### WHAT IS BEING ASKED
The records that follow are to be given again exactly. Do not carry over any image.
EXTRACTED DATA below:
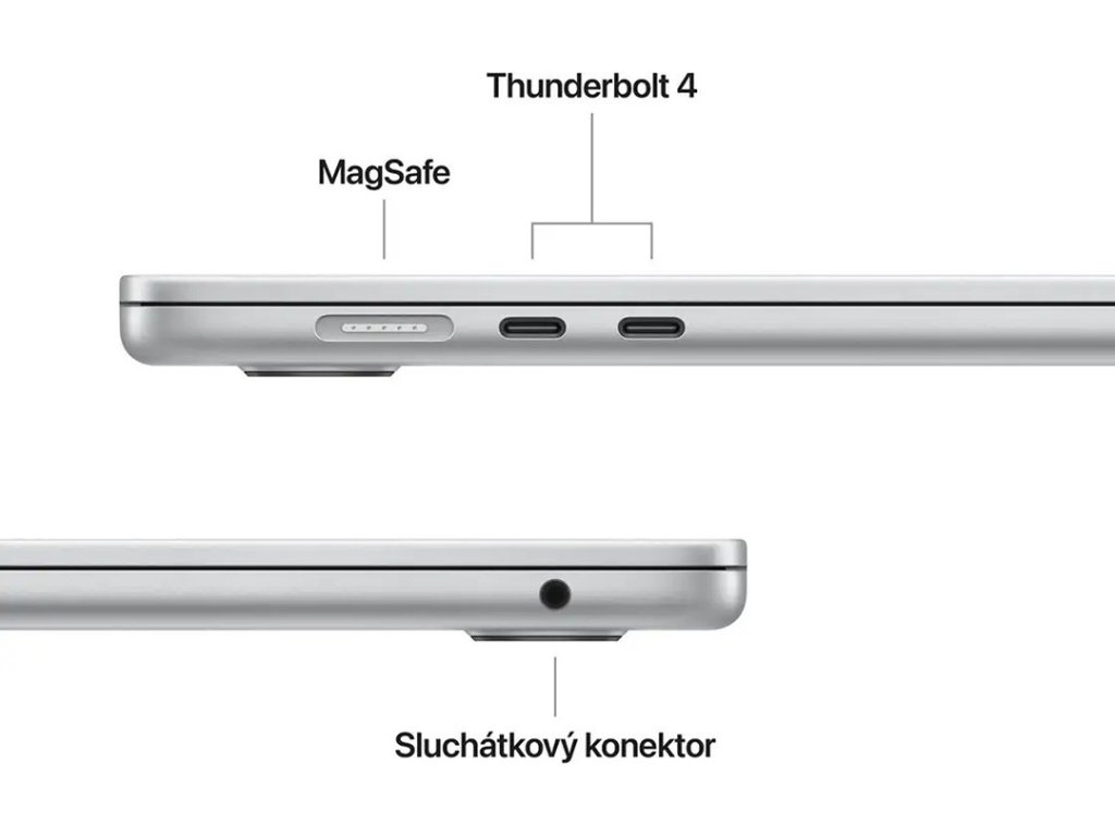 MagSafe nabíjací kábel sa pripája a drží pomocou magnetov. A keď naň omylom zakopneš, uvoľní sa, takže si počítač nespadne na zem. Dva porty Thunderbolt 4 sú vhodné na pripojenie vysokorýchlostných doplnkov a napájanie Macu. Sluchátkový konektor podporuje vysokoimpedančné slúchadlá. A Wi-Fi 6E má až dvojnásobnú priepustnosť v porovnaní s Wi-Fi 6. Pripoj si k MacBooku Air až dva externé monitory, aby si mal dokonalú pracovnú stanicu s veľkým priestorom, kde práca s viacerými dokumentmi alebo aplikáciami bude rýchla.
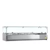 Řada chladicích nástaveb VK38 je skvělým doplňkem gastro pultů, protože vám umožňuje mít na dosah vše, co potřebujete k přípravě jídla. Je vhodná pro gastronádoby GN 1/3 a GN 1/2 x 150 mm (nejsou součástí). VK38-120: 4 x GN 1/3 nebo 3 x GN 1/3 + 1 x GN 1/2 VK38-150: 6 x GN 1/3 nebo 5 x GN 1/3 + 1 x GN 1/2 VK38-160: 7 x GN 1/3 nebo 5 x GN 1/3 + 1 x GN 1/2 VK38-180: 8 x GN 1/3 VK38-200: 9 x GN 1/3 nerezová ocel|statické chlazení|skleněné krytí na ochranu potravin|nastavitelné nožky|přizpůsobeno GN1/3 (nejsou součástí balení) Stolní chladicí nástavba
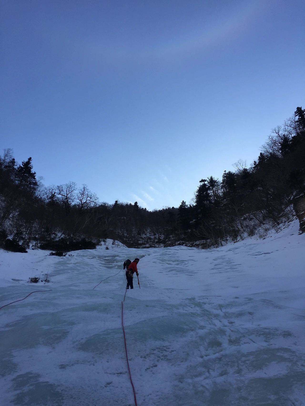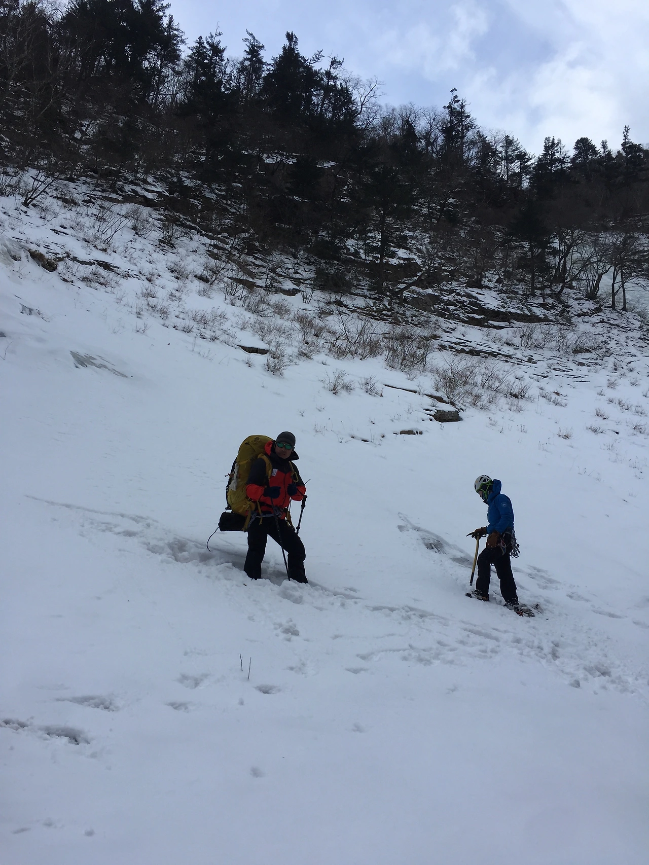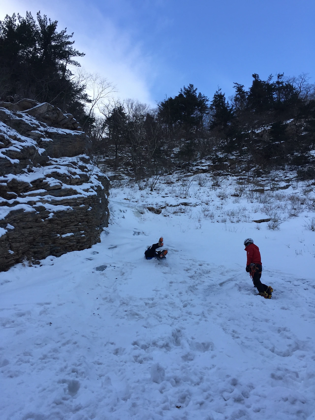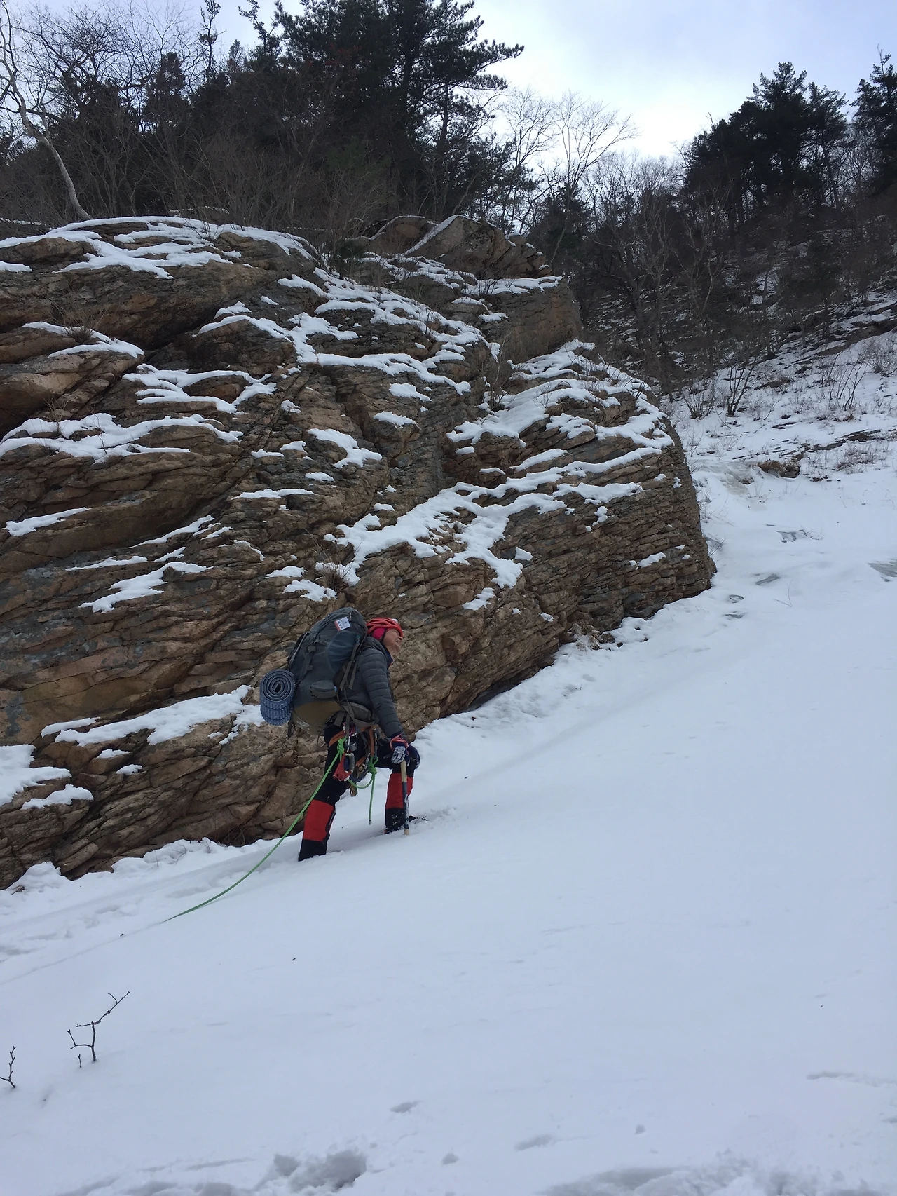 미끄러운 곳에서 잘 들리지도 않는 빙벽화를 위로 쳐들어야 하는 활락정지와 푹푹 빠지는 눈 위에서 추락 훈련, 어센딩을 하며 스크루 박고 휴식 취하기, 방향 전환하며 걷기.
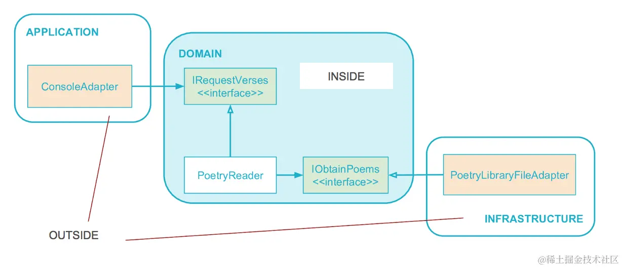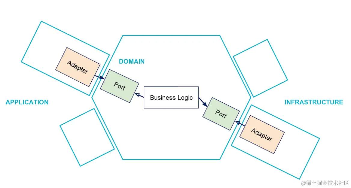 内部端口和适配器:将应用程序划分为核心业务逻辑(Application)和外部环境(Infrastructure)两部分,内部端口表示系统对外部环境提供的服务,而内部适配器则负责将内部数据结构适应外部环境的需求
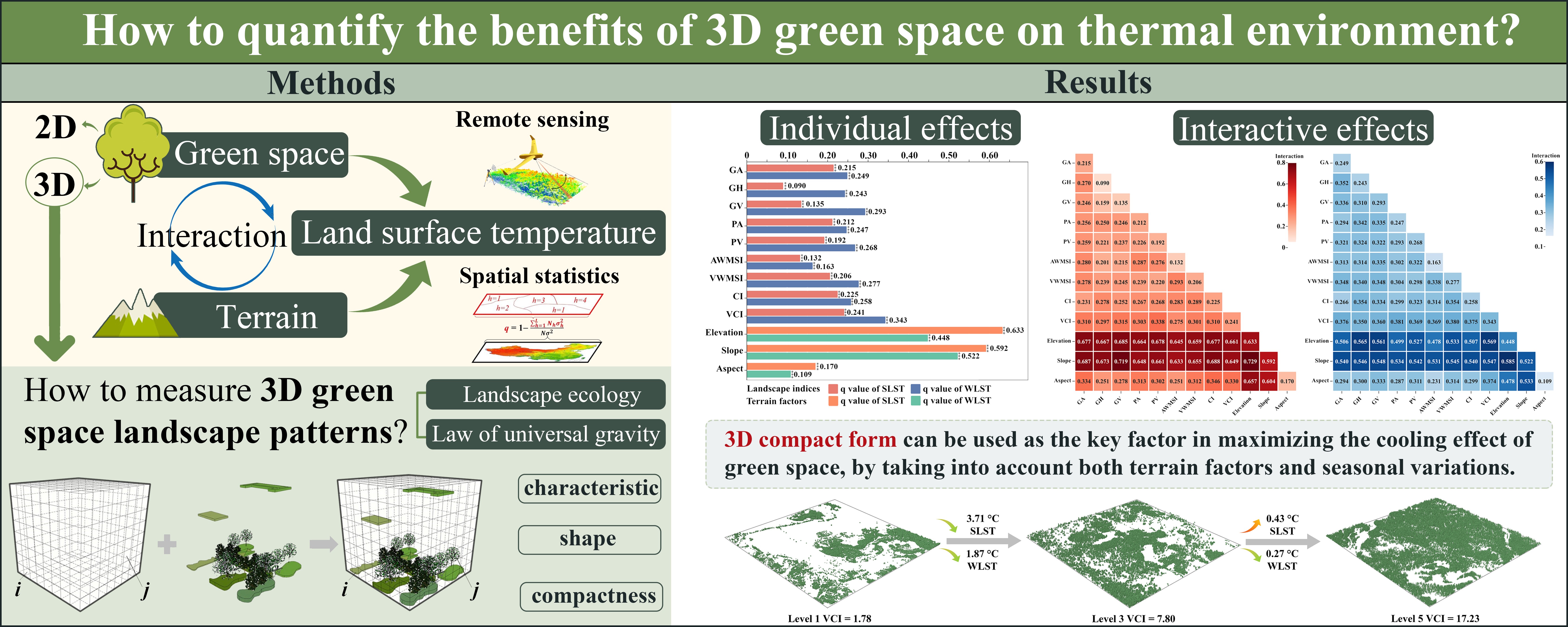 气候变化和城市化的双重影响正在加剧极端天气事件和城市热岛效应。绿地已被广泛认可为一种缓解热环境的有效手段,然而过去的研究主要侧重于绿地的二维形态,而忽略了其三维空间配置。为此,叶红研究组基于景观生态学和万有引力定律发展了一套三维景观指数,通过采集中国四明山的高分辨率激光雷达点云数据,探究绿地的二维和三维景观格局对地表温度的影响机制。
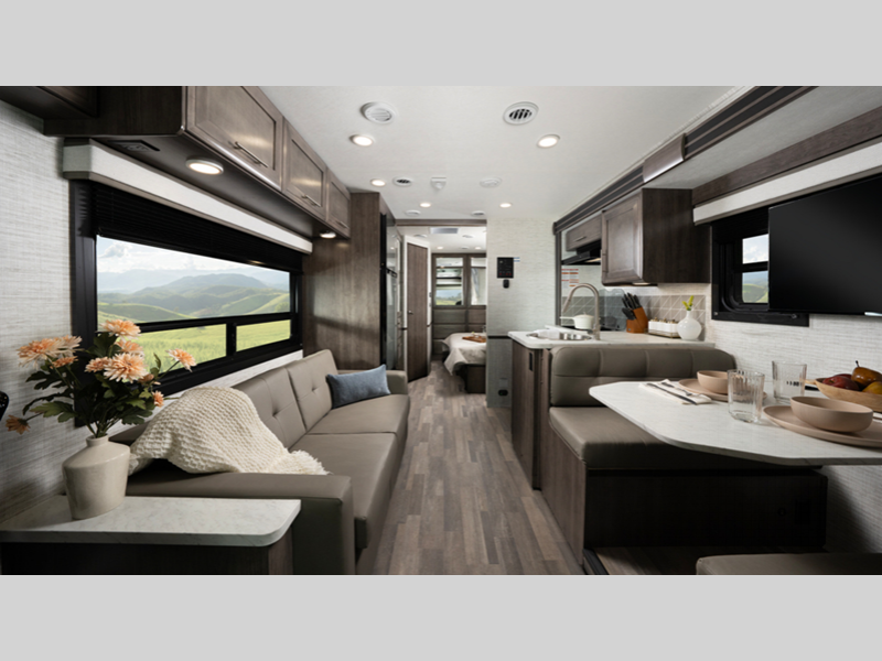 Sleeps 4 Slides 2 Length 29 ft 11 in Ext Width 8 ft 5 in Ext Height 12 ft 5 in Int Height 7 ft Interior Color Ashbrook Exterior Color Standard Graphics Hitch Weight 5000 lbs GVWR 18000 lbs Fresh Water Capacity 72 gals Grey Water Capacity 50 gals Black Water Capacity 49 gals Tire Size 245/70R19.5 Furnace BTU 30000 btu Generator 4,000W Fuel Type Gasoline Engine 7.3L V8 Chassis Ford F53 Horsepower 335 hp Fuel Capacity 80 gals Wheelbase 190 in Available Beds King Torque 468 ft-lb Refrigerator Type 12V Refrigerator Size 10 cu ft Convection Cooking Yes Cooktop Burners 2 Shower Size 30" x 36" Number of Awnings 1 Axle Weight Front 7000 lbs Axle Weight Rear 12000 lbs LP Tank Capacity 16.5 gals. Water Heater Capacity 6 gal Water Heater Type Gas/Electric DSI AC BTU 15000 btu TV Info LR LED HD Smart TV Awning Info 18' Electric w/LED Lights Gross Combined Weight 23000 lbs Shower Type Standard Electrical Service 30 amp Similar Floorplans
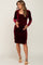 Burgundy Velvet Long Sleeve Side Slit Maternity Dress
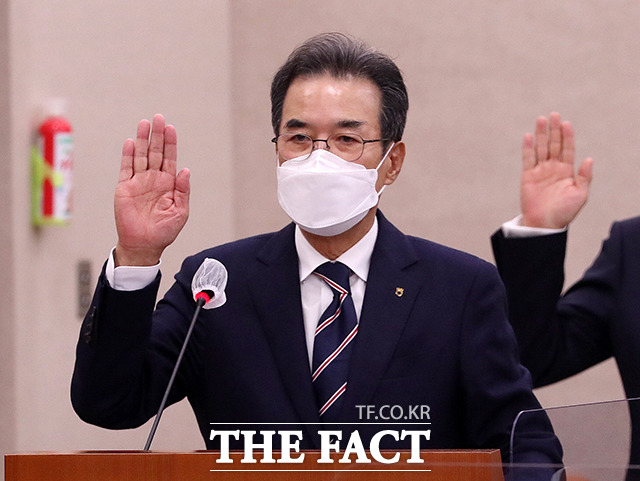 [더팩트 | 국회=남윤호 기자] 이성희 농협중앙회장이 16일 서울 여의도 국회에서 열린 농림축산식품해양수산위원회의 농협중앙회, 농협금융지주 등에 대한 국정감사에 출석해 선서를 하고 있다.
End of EXTRACTED DATA.
### PROBLEM SOLUTION
 MagSafe nabíjací kábel sa pripája a drží pomocou magnetov. A keď naň omylom zakopneš, uvoľní sa, takže si počítač nespadne na zem. Dva porty Thunderbolt 4 sú vhodné na pripojenie vysokorýchlostných doplnkov a napájanie Macu. Sluchátkový konektor podporuje vysokoimpedančné slúchadlá. A Wi-Fi 6E má až dvojnásobnú priepustnosť v porovnaní s Wi-Fi 6. Pripoj si k MacBooku Air až dva externé monitory, aby si mal dokonalú pracovnú stanicu s veľkým priestorom, kde práca s viacerými dokumentmi alebo aplikáciami bude rýchla.
 Řada chladicích nástaveb VK38 je skvělým doplňkem gastro pultů, protože vám umožňuje mít na dosah vše, co potřebujete k přípravě jídla. Je vhodná pro gastronádoby GN 1/3 a GN 1/2 x 150 mm (nejsou součástí). VK38-120: 4 x GN 1/3 nebo 3 x GN 1/3 + 1 x GN 1/2 VK38-150: 6 x GN 1/3 nebo 5 x GN 1/3 + 1 x GN 1/2 VK38-160: 7 x GN 1/3 nebo 5 x GN 1/3 + 1 x GN 1/2 VK38-180: 8 x GN 1/3 VK38-200: 9 x GN 1/3 nerezová ocel|statické chlazení|skleněné krytí na ochranu potravin|nastavitelné nožky|přizpůsobeno GN1/3 (nejsou součástí balení) Stolní chladicí nástavba
 미끄러운 곳에서 잘 들리지도 않는 빙벽화를 위로 쳐들어야 하는 활락정지와 푹푹 빠지는 눈 위에서 추락 훈련, 어센딩을 하며 스크루 박고 휴식 취하기, 방향 전환하며 걷기.
 内部端口和适配器:将应用程序划分为核心业务逻辑(Application)和外部环境(Infrastructure)两部分,内部端口表示系统对外部环境提供的服务,而内部适配器则负责将内部数据结构适应外部环境的需求
 气候变化和城市化的双重影响正在加剧极端天气事件和城市热岛效应。绿地已被广泛认可为一种缓解热环境的有效手段,然而过去的研究主要侧重于绿地的二维形态,而忽略了其三维空间配置。为此,叶红研究组基于景观生态学和万有引力定律发展了一套三维景观指数,通过采集中国四明山的高分辨率激光雷达点云数据,探究绿地的二维和三维景观格局对地表温度的影响机制。
 Sleeps 4 Slides 2 Length 29 ft 11 in Ext Width 8 ft 5 in Ext Height 12 ft 5 in Int Height 7 ft Interior Color Ashbrook Exterior Color Standard Graphics Hitch Weight 5000 lbs GVWR 18000 lbs Fresh Water Capacity 72 gals Grey Water Capacity 50 gals Black Water Capacity 49 gals Tire Size 245/70R19.5 Furnace BTU 30000 btu Generator 4,000W Fuel Type Gasoline Engine 7.3L V8 Chassis Ford F53 Horsepower 335 hp Fuel Capacity 80 gals Wheelbase 190 in Available Beds King Torque 468 ft-lb Refrigerator Type 12V Refrigerator Size 10 cu ft Convection Cooking Yes Cooktop Burners 2 Shower Size 30" x 36" Number of Awnings 1 Axle Weight Front 7000 lbs Axle Weight Rear 12000 lbs LP Tank Capacity 16.5 gals. Water Heater Capacity 6 gal Water Heater Type Gas/Electric DSI AC BTU 15000 btu TV Info LR LED HD Smart TV Awning Info 18' Electric w/LED Lights Gross Combined Weight 23000 lbs Shower Type Standard Electrical Service 30 amp Similar Floorplans
 Burgundy Velvet Long Sleeve Side Slit Maternity Dress
 [더팩트 | 국회=남윤호 기자] 이성희 농협중앙회장이 16일 서울 여의도 국회에서 열린 농림축산식품해양수산위원회의 농협중앙회, 농협금융지주 등에 대한 국정감사에 출석해 선서를 하고 있다.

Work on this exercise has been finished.